There are concerns over the delay in the Rs. 3,230-crore project as the rising cost of construction, combined with a resource crunch, could push the final cost to around Rs 4,000 crore (800 USD).
According to officials, the bridge will also provide connectivity to around five million people residing in upper Assam and Arunachal Pradesh.
Once completed, the Bogibeel bridge would have an edge over the Tezpur bridge, which is around 300 km downstream, in providing connectivity to the people of upper Assam and Arunachal Pradesh, officials said.
Construction work can only be carried out from mid-November to mid-March as rains in the remaining period swell the mighty river.
“We hope to complete the project by 2015,” chief engineer Ajit Pandit told IANS.
Though the foundation stone of the Bogibeel bridge project was laid by former prime minister Atal Bihari Vajpayee in 2002, the pace of work got a boost only after it got the status of national project in 2007 and central funds started flowing.
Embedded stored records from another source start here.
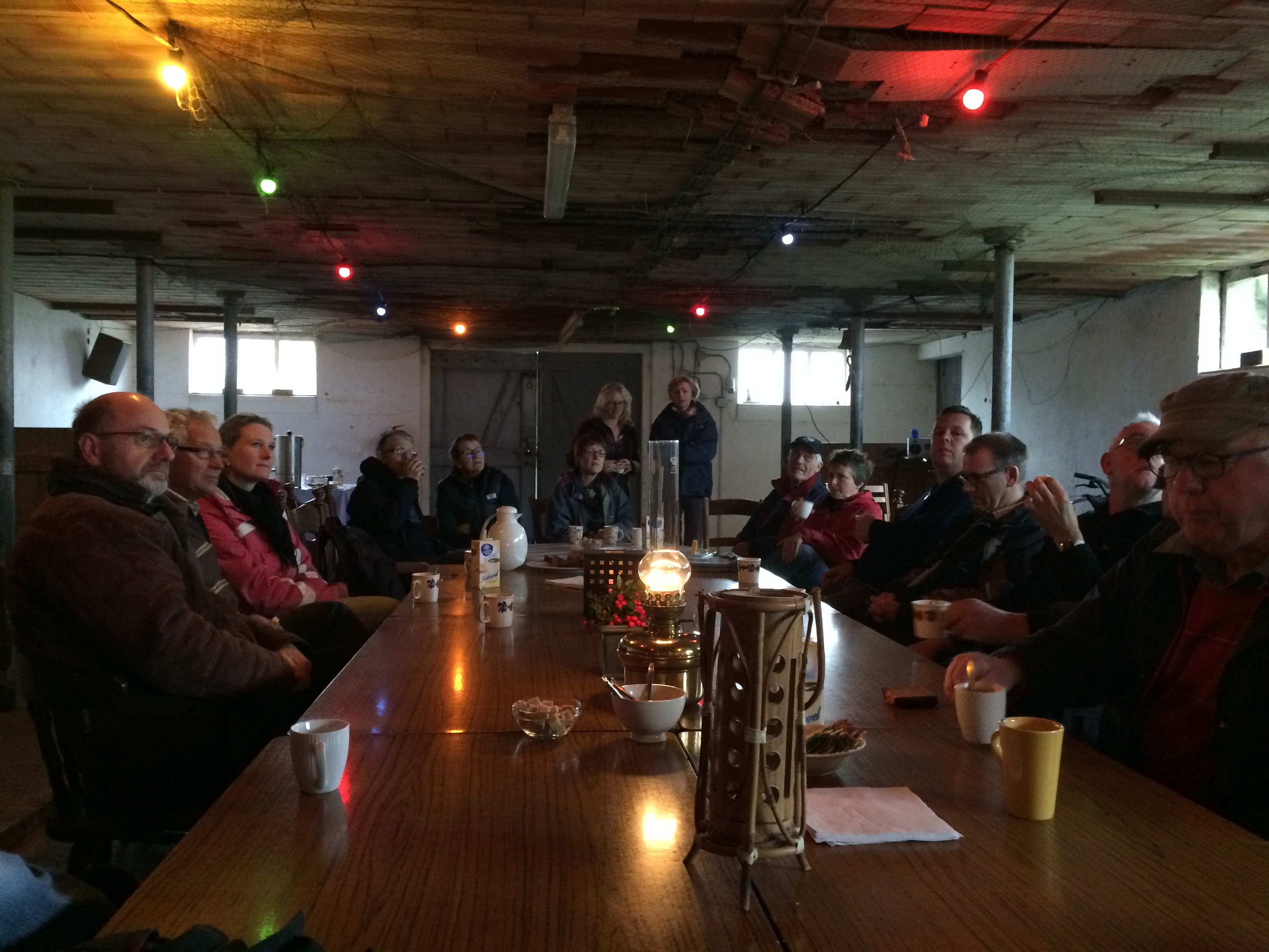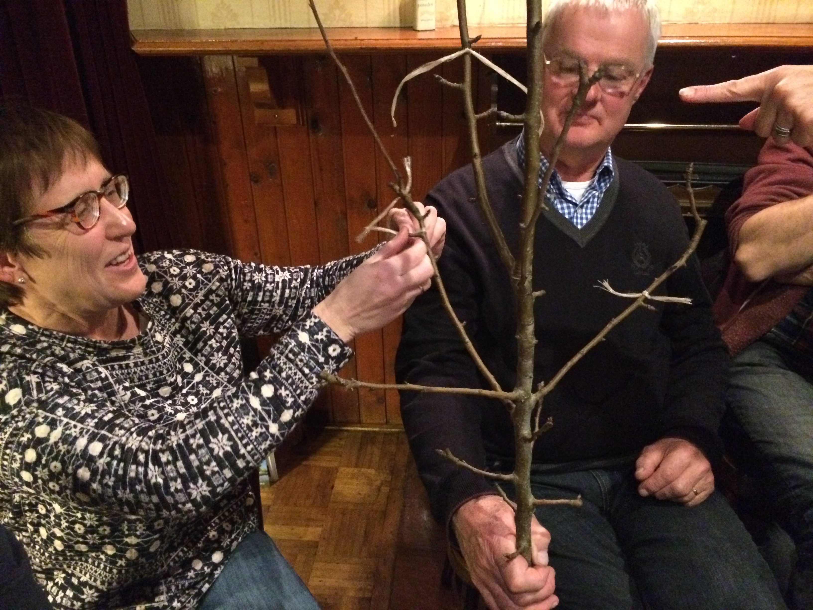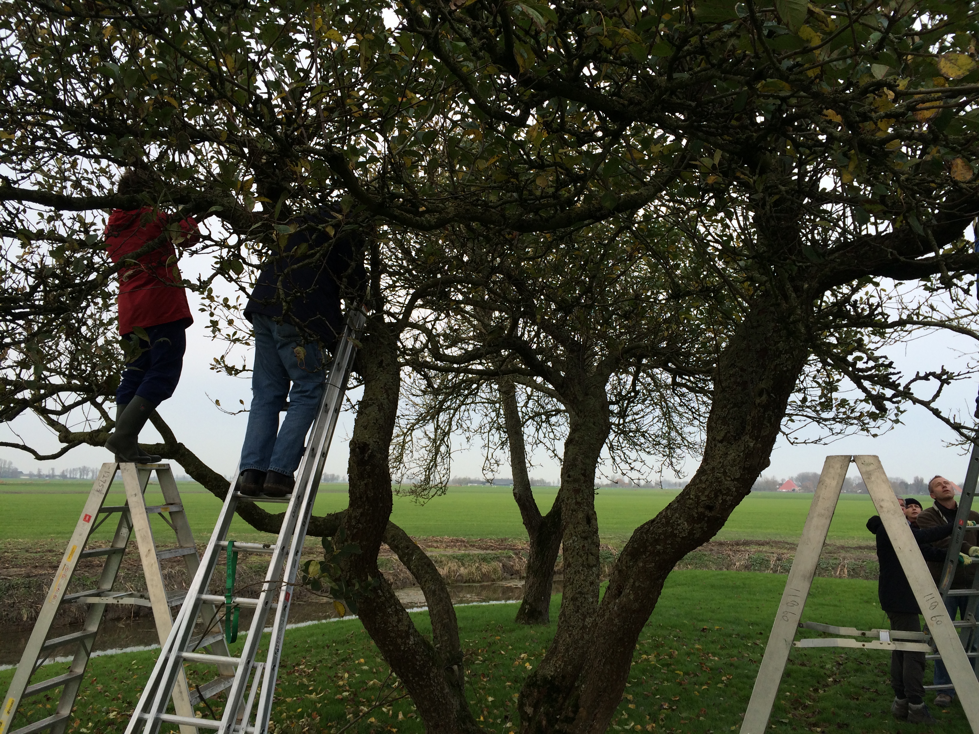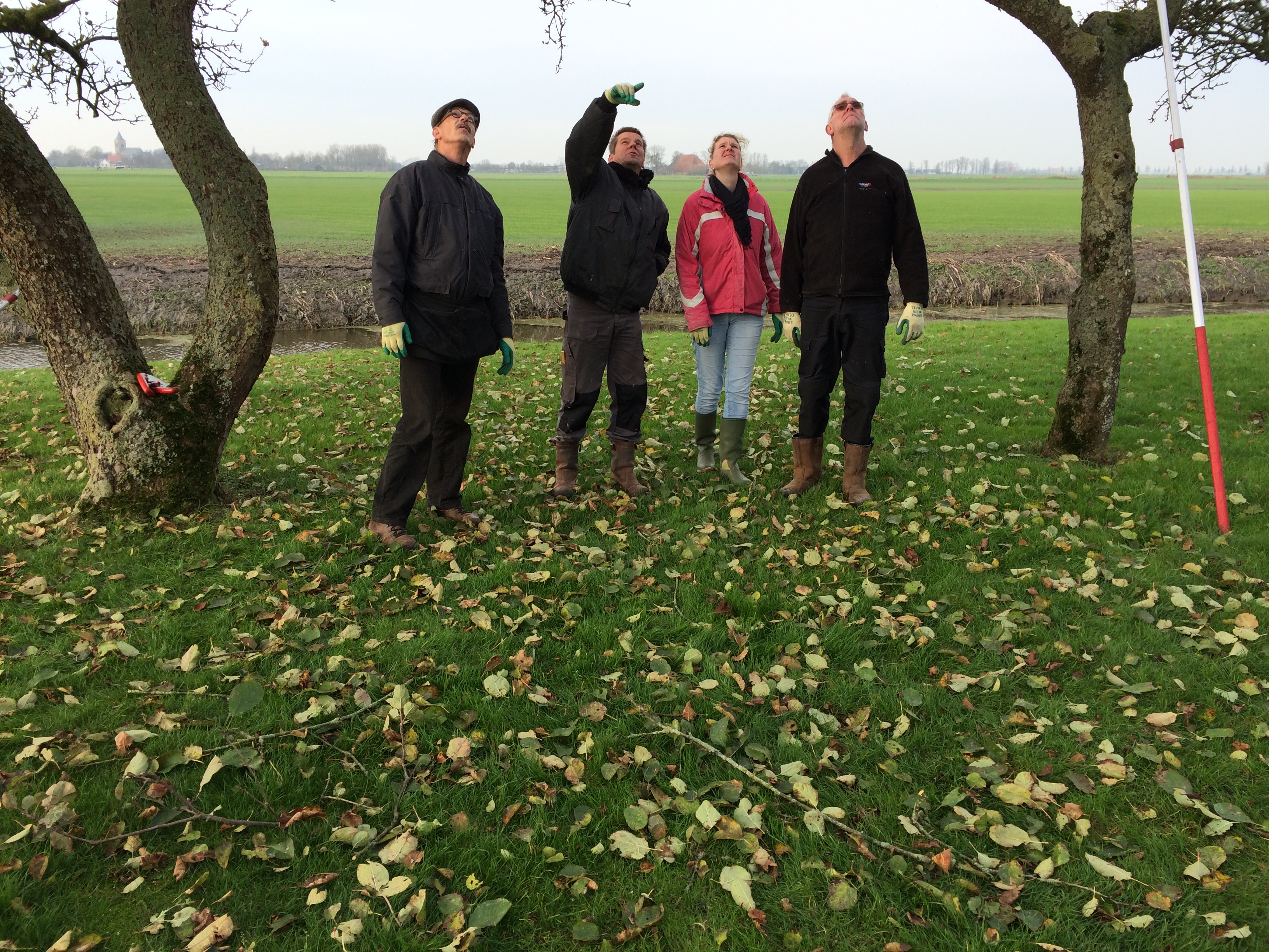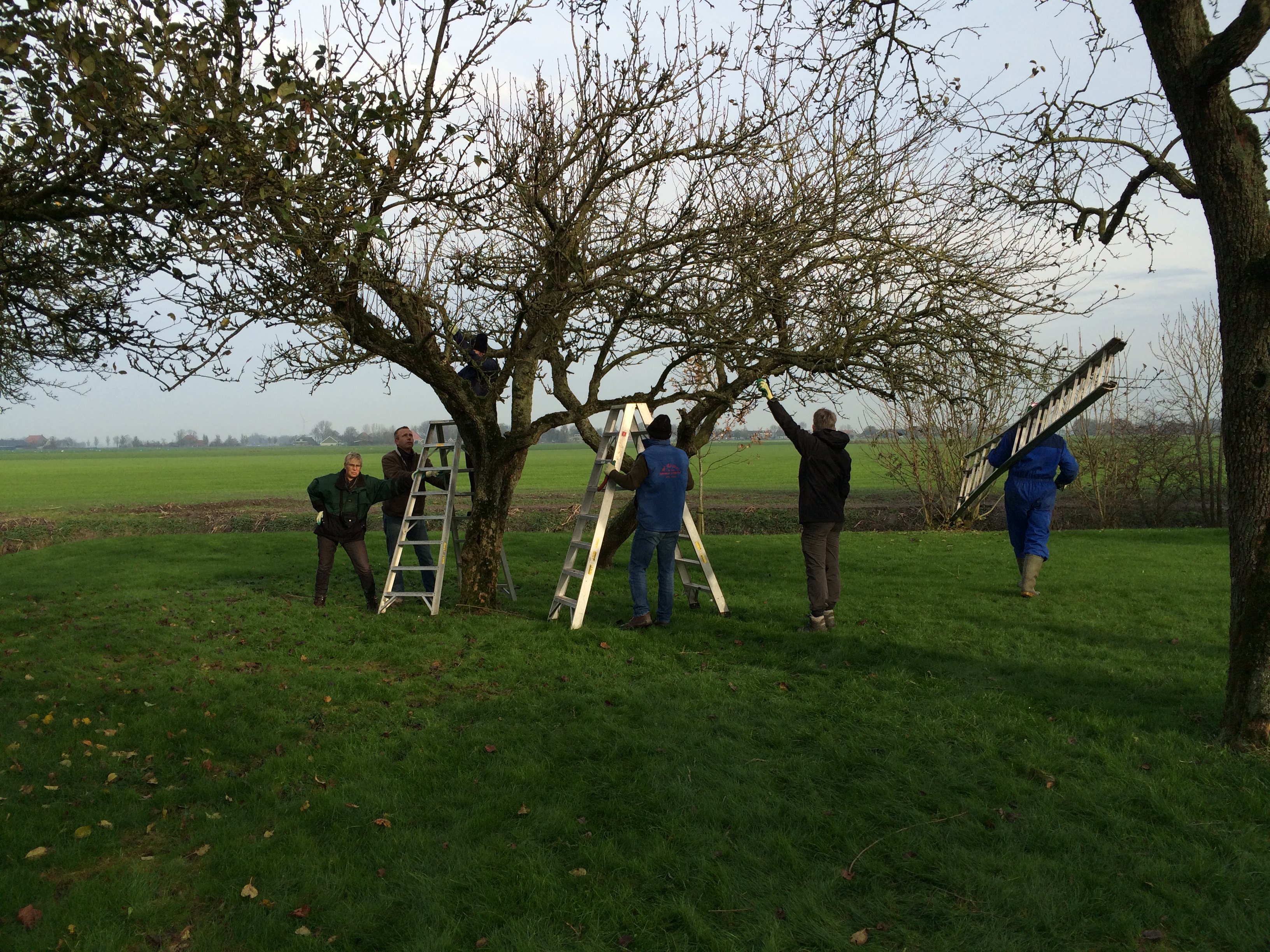 De zaterdag daarop was de praktijkdag. Een boer uit de omgeving had zijn boomgaard ter beschikking gesteld. Ca 15 bomen die achterstallig onderhoud hadden en allemaal een meter of 6-7 hoog waren. Er was een aanhangwagen vol gereedschap aangerukt, en gewapend met boomzagen, snoeischaren, tuinhandschoenen, ladders en trappen werden we de boomgaard ingestuurd. In groepjes van 5 namen we de bomen onderhanden. Eerst discussieren over welke takken eruit moesten en waarom, en dan de ladder op. Het was snoeikoud en na 3 uur werden we verwarmd in de schuur met een heerlijke ouderwetse kop groentesoep met veel ballen. Na de lunch had iedereen al wel een beetje de slag te pakken en toen we vertrokken zag het er toch al heel wat beter uit. Daarna naar een plantsoen in Rien waar boompjes van 1 jaar stonden, dus het contrast kon niet groter zijn. We gingen naar huis in de overtuiging dat we nu wisten hoe het in elkaar zat.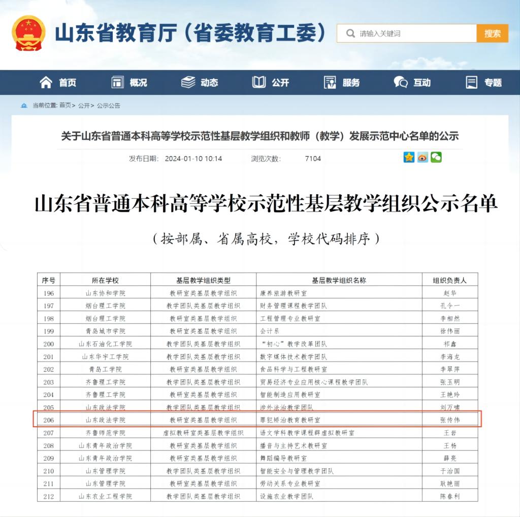 1月10日,山东省教育厅官网公示山东省普通本科高等学校示范性基层教学组织和教师(教学)发展示范中心名单,2026世界杯官方合作网站“罪犯矫治教研室”获山东省普通本科高等学校示范性基层教学组织。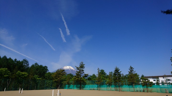 今日は一日中快晴の山中湖でした。写真は当館テニスコートからの富士山です。真っ青な空に飛行機雲4つが富士山に向かっていて、まるで大きな爪のようでした。面白い空模様でした。今日は日差しが強く最高気温は22℃、今朝の最低は5℃でした。明日は昼前から雨が降る予報です。ここ数日晴れ続きで乾ききったテニスコートには恵みの雨になりそうです。18/05/22
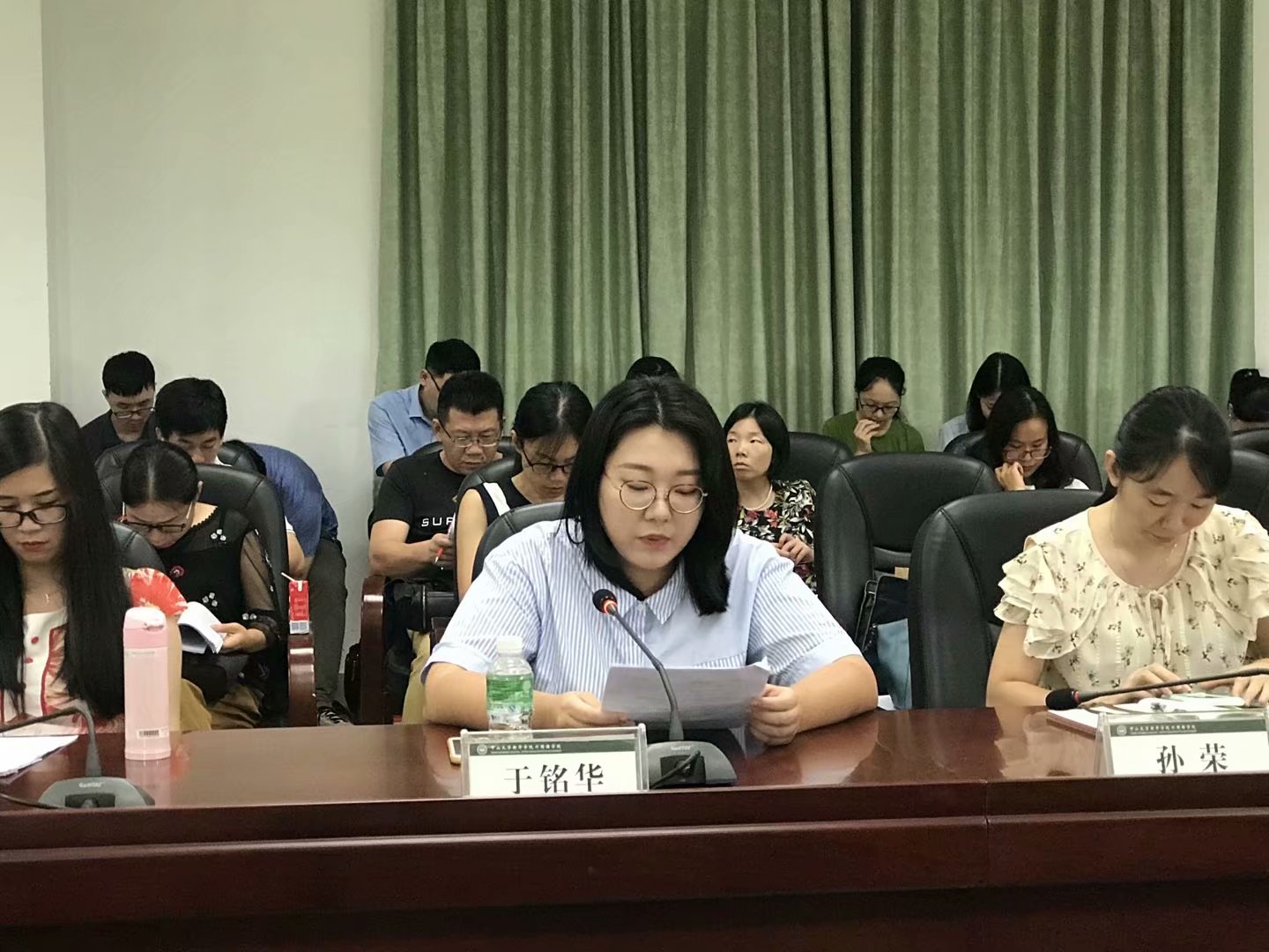 孙荣老师针对“相约晨曦 英文朗读”晨读活动开展的情况进行汇报。她指出本次活动外院大学英语教研室联合校学生会共同举办,累计有4万余人次参与,全勤人数达1150余人,本次活动为学生们提供了晨读的平台,培养了学生们良好的作息习惯和学习氛围。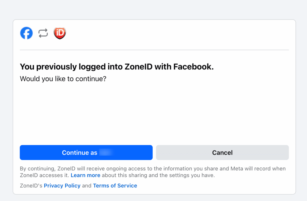 Next, the information about your Facebook account and the selection of associated ZoneID accounts will be displayed. If there are multiple ZoneID accounts linked to this Facebook account, you can choose the preferred one from the dropdown menu. Then, click Continue as ....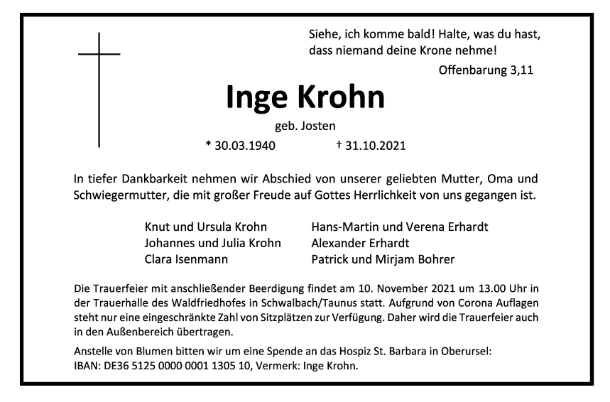 †31.10.2021, Ruhestätte: Waldfriedhof Schwalbach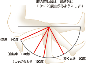 リハビリは手術の翌日から行います。まずは歩行子訓練から始めるのですが、手術直後はまだ麻酔が効いていて痛みもあまりないため、松葉杖や車イスは使用せず、歩行器を使って歩く練習を行います。その後、100度以上まで膝が曲がるように、理学療法士のもとでリハビリしていきます。脚を曲げるときに痛みが出る人もいますので、リハビリは理学療法士が手術した部位の間節をマッサージして柔らかくしてから、可動域を広げるように行っていきます。最終的には、110度から120度ぐらいまで曲がるようにもっていき、2週後には抜糸して退院となります。早い人ですと10日くらいで退院します。男性の場合、「入院していてもやることないから帰ります」と退院される人も珍しくないですよ。女性は心配だからと2週間入院される人が多いですね。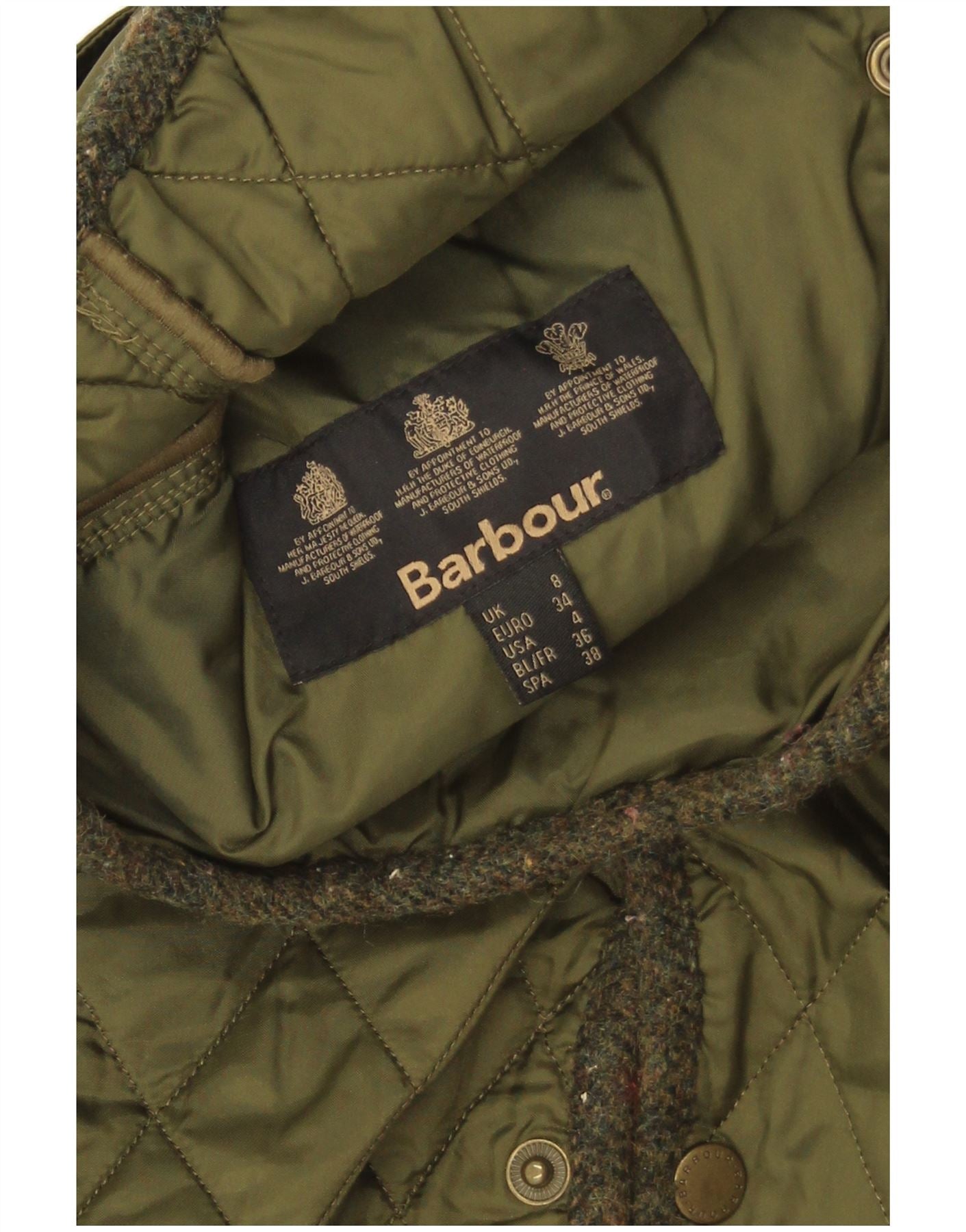 Barbour Quiltet jakke til kvinder UK 8 Small Khaki

The project flows from the Assam Accord signed Aug 15, 1985, between the centre and the representatives of the All Assam Students Union and the All Assam Gana Sangram Parishad that had spearheaded a decade-long movement against the influx of Bangladeshis into the northeastern state.
Engineers involved in the project said latest technology is being used to build the superstructure of the bridge, which will be largely maintenance-free.
Hoping to commission the Bogibeel bridge in the next three years, the railways have started conversion work from metre gauge to broad gauge on the 32-km link from Dhamalgaon to Sisibargaon on the north bank of the river.
A 44-km rail link on the south bank of the river between Chalkhowa and Moranhat has also been commissioned.
As the width of the river at the bridge site is around 10 km, two guide bunds on both the north and south banks have been constructed at a cost of Rs 800 crore to regulate the flow of the river. Guide bunds are protection walls to regulate the flow of the river.